◆ **Work to be completed**
The entries below are to be given back exactly, with images excluded.

◆ **Stored records**

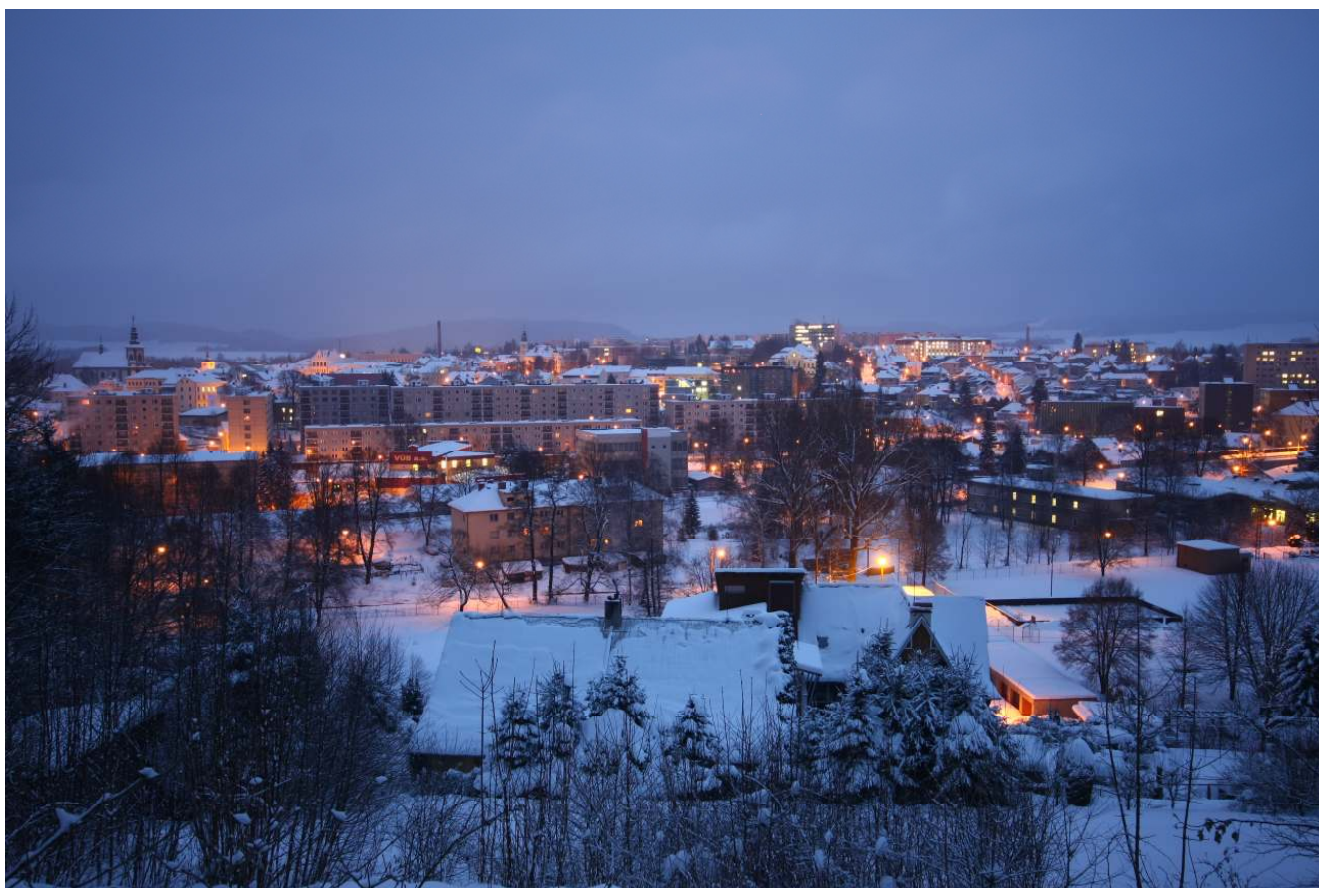
Ústí nad Orlicí v zimě
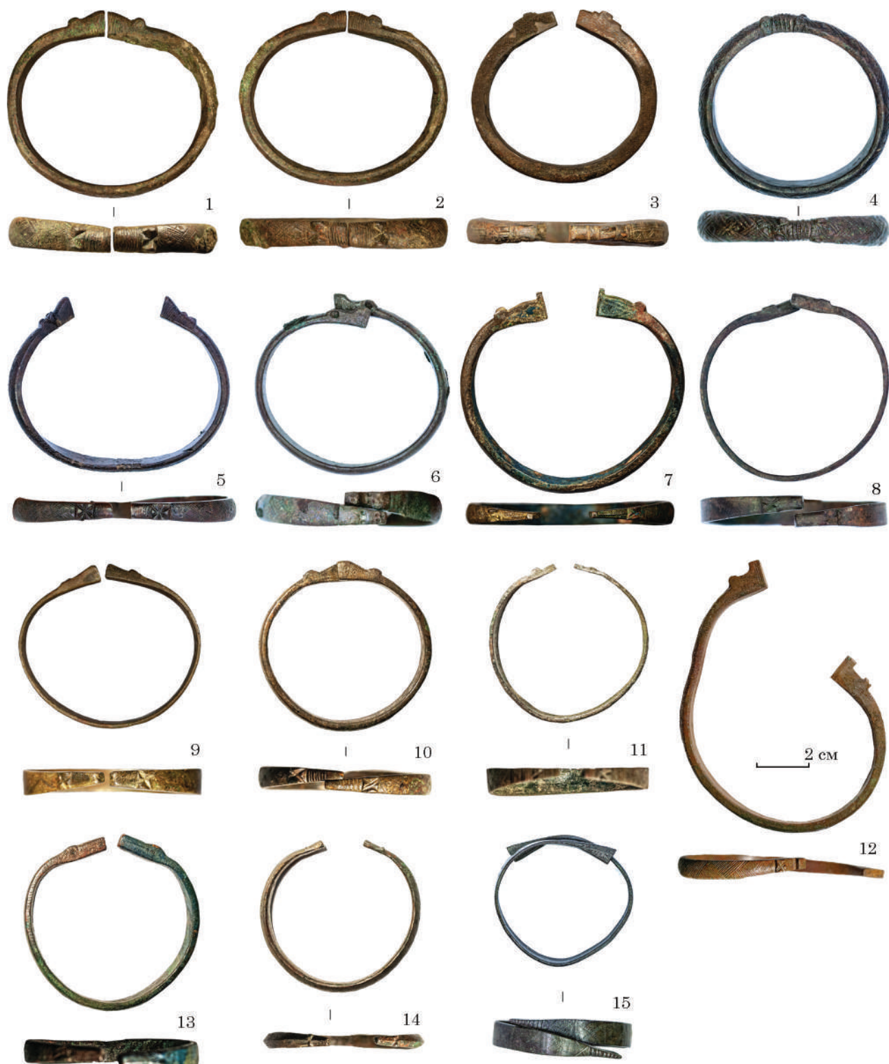
Рис. 1. Колекція браслетів з зооморфними закінченнями могильника Острів: 1—2, 9 — жіноче поховання 2; 3 — чоловіче поховання 23; 4, 6 — жіноче поховання 72; 5, 8, 12 — випадкові знахідки; 7 — жіноче поховання 1; 10 — чоловіче поховання 41; 11, 14 — жіноче поховання 46; 13 — жіноче поховання 53; 15 — культурний шар

менше — серед прусів, скальвів і земгалів) та навіть у скандинавів, передусім — на о-ві Готланд (Thunmark-Nylén 1998, Taf. 160: 1—5).
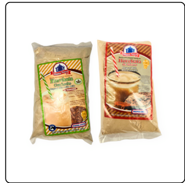
HORCHATA DE MORRO/CON LECHE EN POLVO 1 LIBRA
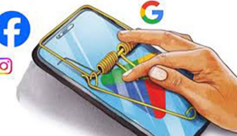
અન્ય કિસ્સામાં લોનના નામે પયાસથી વધુ લોકો સાથે લાખોની ઠગાઈ
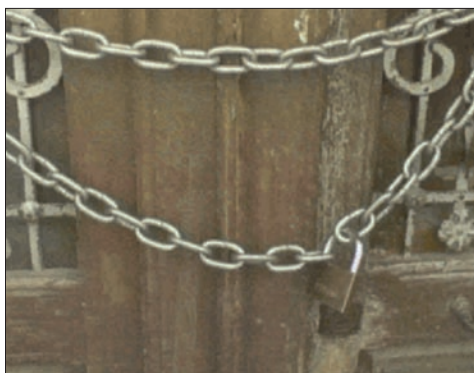
Figura 9. Una de las casas abandonadas encadenadas con el fin de que no las ocupen.

“Miráis lo que hay allí, y si pensáis que cualquier persona puede convivir con eso, entonces ya está contestado todo”.
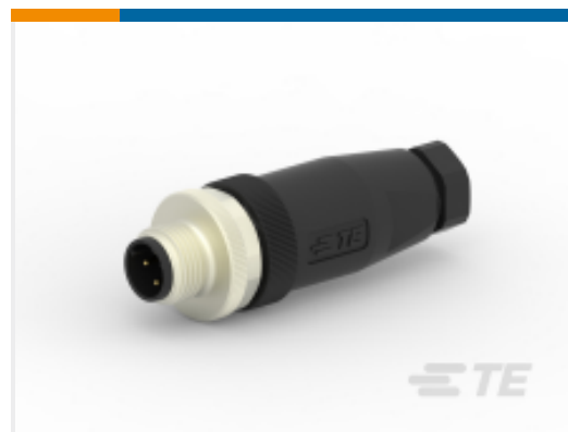
TE 产品编号 T4111501041-000 M12, MALE, STRAIGHT, D CODE, 4P, PG7, GOLD
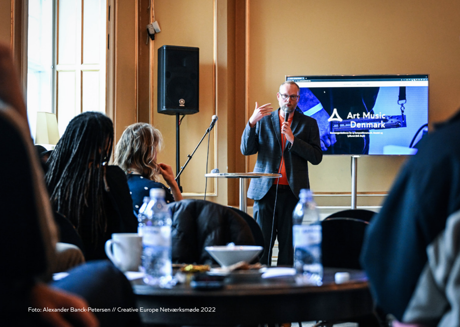
Creative Europe Netværksmøde 2022
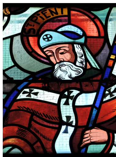
Verrière : Saint-Pient. IVR52_20218501864NUCA
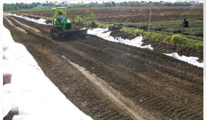
❖ Jalan Simpang Batang- Simpang Batam
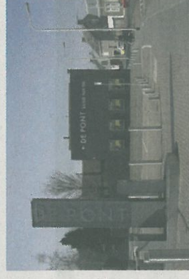
Museum De Pont

Op de foto's: culturele instellingen mede mogelijk gemaakt door een mecenas.
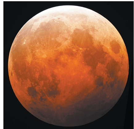
▲月全食过程中的“红月亮”。
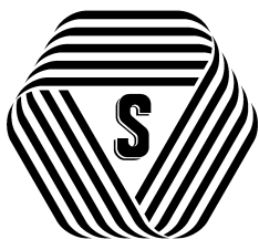
厚生労働大臣認可

標準営業約款制度は、法律で定められた消費者(利用者)擁護の制度です。厚生労働大臣認可の約款に従って営業することを登録した「理容店」、「美容店」、「クリーニング店」、「めん類飲食店」、「一般飲食店」では、店頭でSマークを表示しています。登録店は、安全、清潔、安心を約束する信頼できるものです。 問合せ(財)東京都生活衛生営業指導センター(03・3445・8751)へ

◆ **Solution for this task**
Ústí nad Orlicí v zimě
Рис. 1. Колекція браслетів з зооморфними закінченнями могильника Острів: 1—2, 9 — жіноче поховання 2; 3 — чоловіче поховання 23; 4, 6 — жіноче поховання 72; 5, 8, 12 — випадкові знахідки; 7 — жіноче поховання 1; 10 — чоловіче поховання 41; 11, 14 — жіноче поховання 46; 13 — жіноче поховання 53; 15 — культурний шар

менше — серед прусів, скальвів і земгалів) та навіть у скандинавів, передусім — на о-ві Готланд (Thunmark-Nylén 1998, Taf. 160: 1—5).
HORCHATA DE MORRO/CON LECHE EN POLVO 1 LIBRA
અન્ય કિસ્સામાં લોનના નામે પયાસથી વધુ લોકો સાથે લાખોની ઠગાઈ
Figura 9. Una de las casas abandonadas encadenadas con el fin de que no las ocupen.

“Miráis lo que hay allí, y si pensáis que cualquier persona puede convivir con eso, entonces ya está contestado todo”.
TE 产品编号 T4111501041-000 M12, MALE, STRAIGHT, D CODE, 4P, PG7, GOLD
Creative Europe Netværksmøde 2022
Verrière : Saint-Pient. IVR52_20218501864NUCA
❖ Jalan Simpang Batang- Simpang Batam
Museum De Pont

Op de foto's: culturele instellingen mede mogelijk gemaakt door een mecenas.
▲月全食过程中的“红月亮”。
厚生労働大臣認可

標準営業約款制度は、法律で定められた消費者(利用者)擁護の制度です。厚生労働大臣認可の約款に従って営業することを登録した「理容店」、「美容店」、「クリーニング店」、「めん類飲食店」、「一般飲食店」では、店頭でSマークを表示しています。登録店は、安全、清潔、安心を約束する信頼できるものです。 問合せ(財)東京都生活衛生営業指導センター(03・3445・8751)へ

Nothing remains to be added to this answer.